Re: query io stats and finding a slow query

From

"Kevin Grittner"

Date:

21 September 2007, 16:35:40

>>> On Thu, Sep 20, 2007 at  4:36 PM, in message
<de5063670709201436y5cbff0d0k70ade289a4c68199@mail.gmail.com>, "Kamen Stanev"
<hambai@gmail.com> wrote:
>
> Is there a way to find which query is doing large io operations and/or which
> is using cached data and which is reading from disk.

A big part of your cache is normally in the OS, which makes that tough.

> please share your experience on how do you decide which
> queries to optimize and how to reorganize your database?

We base this on two things -- query metrics from our application framework
and user complaints about performance.

> Is there any tools that you use to profile your database.

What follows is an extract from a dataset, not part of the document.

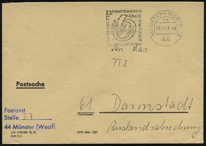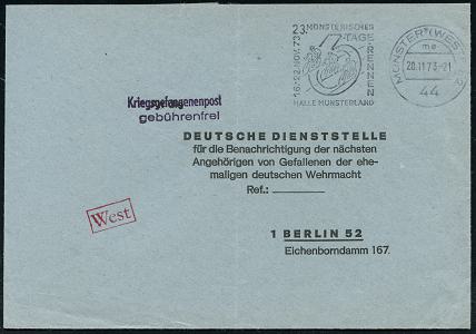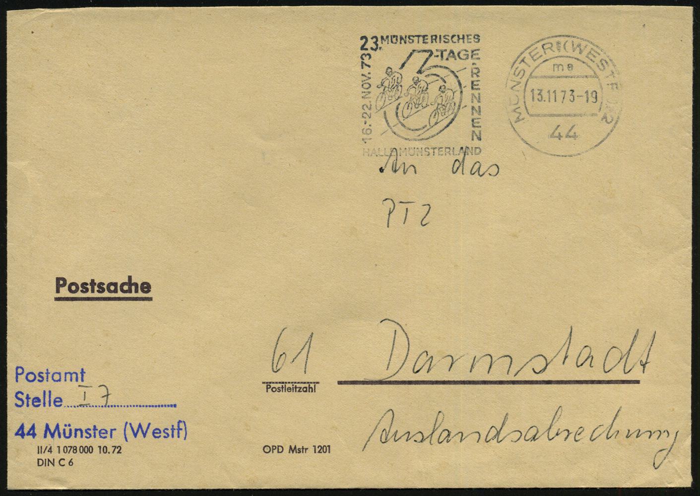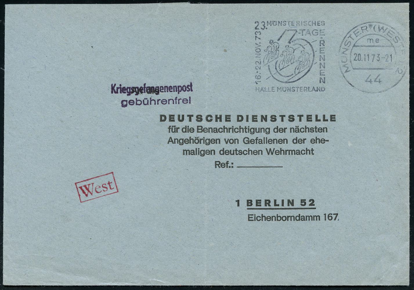 7635 | 18 € | 4400 Münster Maschinen- u. Serienstempel : 44 MÜNSTER(WESTF)2/ me/ 23.MÜNSTERR./ 6-TAGE/ RENNEN 1973 (20.11.) MWSt = 3 Rad-Bahnfahrer + schw. 2L: Kriegsgefangenenpost/ gebührenfrei auf Antwort-Dienst-Bf.: DEUTSCHE DIENSTSTELLE.. von Gefallenen der ehem. deutschen Wehrmacht (WASt) n. West-Berlin!, seltene Verwendung! (Bo.116 A) | ![]() | |

Many people set log_min_duration_statement to get a look at long-running
queries.

When you identify a problem query, running it with EXPLAIN ANALYZE in front
will show you the plan with estimated versus actual counts, costs, and time.
This does actually execute the query (unlike EXPLAIN without ANALYZE).

-Kevin

Re: query io stats and finding a slow query

From

"Kamen Stanev"

Date:

25 September 2007, 19:41:20

Thanks for the reply.

Here is what I found about my problem. When i set the log_min_duration_statement and in the moments when the server performance is degrading I can see that almost all queries run very slowly (10-100 times slower). At first I thought that there is exclusive lock on one of the tables but there wasn't any.

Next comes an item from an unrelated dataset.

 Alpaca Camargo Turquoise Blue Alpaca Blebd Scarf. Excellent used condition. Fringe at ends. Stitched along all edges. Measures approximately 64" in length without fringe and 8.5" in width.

The information from the log files becomes useless when almost every query on you server is logged and when you can't tell which query after which. So I finally wrote a script to process the log file and graphically represent the timing of each query from the log (something like a gantt chart), and that way I found out what was the reason for the slowdowns. There was a query which actually reads all the data from one of the big tables and while it is running and some time after it finished the server is slowing down to death. I couldn't find it just looking at the log because it was not even the slowest query. After I examined the chart it was very clear what was happening. As I understand it, while this table was scanned all the disk i/o operations were slowed down, and maybe the data from that table was stored in the os cache, and hence all the other queries were so slow? After I removed the big query everything runs normally.

However, I was wondering if there are any tools for such log analysis. I'm ready to provide my script if somebody is interested? I think it is very useful, but maybe someone has already done something better?

Regards,
Kamen

On 9/21/07, Kevin Grittner <Kevin.Grittner@wicourts.gov> wrote:

>>> On Thu, Sep 20, 2007 at 4:36 PM, in message
<de5063670709201436y5cbff0d0k70ade289a4c68199@mail.gmail.com>, "Kamen Stanev"
<hambai@gmail.com> wrote:
>
> Is there a way to find which query is doing large io operations and/or which
> is using cached data and which is reading from disk.

A big part of your cache is normally in the OS, which makes that tough.

> please share your experience on how do you decide which
> queries to optimize and how to reorganize your database?

We base this on two things -- query metrics from our application framework
and user complaints about performance.

> Is there any tools that you use to profile your database.

Many people set log_min_duration_statement to get a look at long-running
queries.

When you identify a problem query, running it with EXPLAIN ANALYZE in front
will show you the plan with estimated versus actual counts, costs, and time.
This does actually execute the query (unlike EXPLAIN without ANALYZE).

-Kevin

Re: query io stats and finding a slow query

From

"Bryan Murphy"

Date:

25 September 2007, 19:59:00

We use pgfouine (http://pgfouine.projects.postgresql.org/).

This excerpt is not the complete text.